400,22 Section 22. 183.0301 (2) (b) of the statutes is amended to read:
183.0301 (2) (b) Each manager is an agent of the limited liability company, but not of the members or any of them, for the purpose of its business. The act of any manager, including the execution in the name of the limited liability company of any instrument, for apparently carrying on in the ordinary course of business the business of the limited liability company, binds the limited liability company unless the manager has, in fact, no authority to act for the limited liability company in the particular matter, and the person with whom the manager is dealing has knowledge that the manager has no authority to act in the matter.
400,23 Section 23. 183.0304 (2) of the statutes is amended to read:
183.0304 (2) Notwithstanding sub. (1), nothing in this chapter shall preclude a court from ignoring the limited liability company entity under principles of common law of this state that are similar to those applicable to business corporations and shareholders in this state and under circumstances that are not inconsistent with the purposes of this chapter.
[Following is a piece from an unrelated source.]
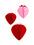 Honeycomb Hearts Hanging Decorations, Pack of 3
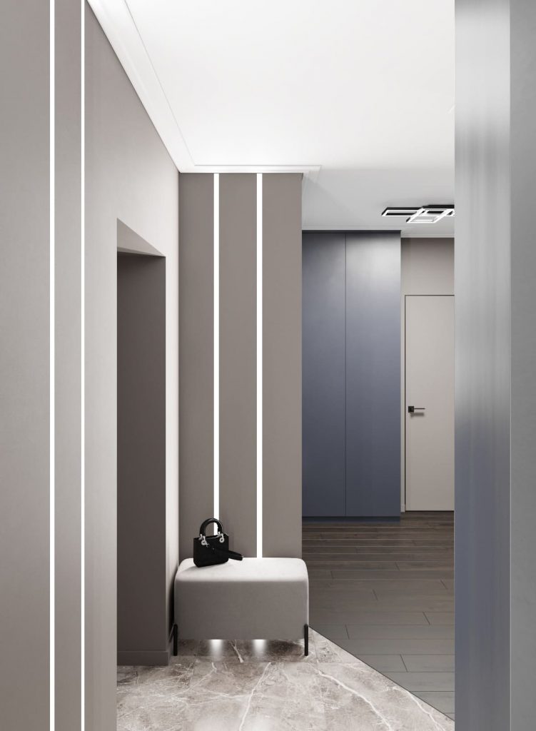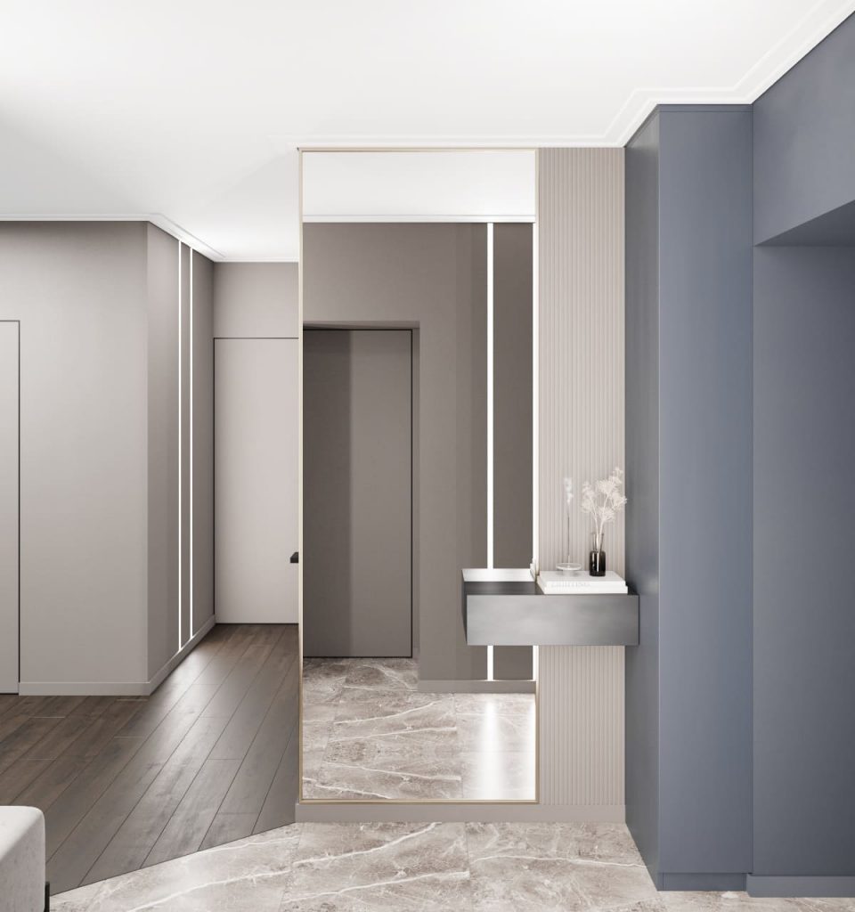 Небольшой холл с зеркалом и консолью стал удобной зоной для последних штрихов перед выходом. А встроенные вертикальные линии подсветки и отделка с рельефом добавили ритм и динамику — без лишнего декора.

400,24 Section 24. 183.0401 (2) (c) of the statutes is amended to read:
183.0401 (2) (c) Unless earlier removed or earlier resigned, shall Shall hold office until a successor is elected and qualified, or until prior death, resignation or removal.
400,25 Section 25. 183.0402 (3) of the statutes is amended to read:
183.0402 (3) An operating agreement may impose duties on its members and managers that are in addition to, but not in abrogation of, those provided under sub. (1).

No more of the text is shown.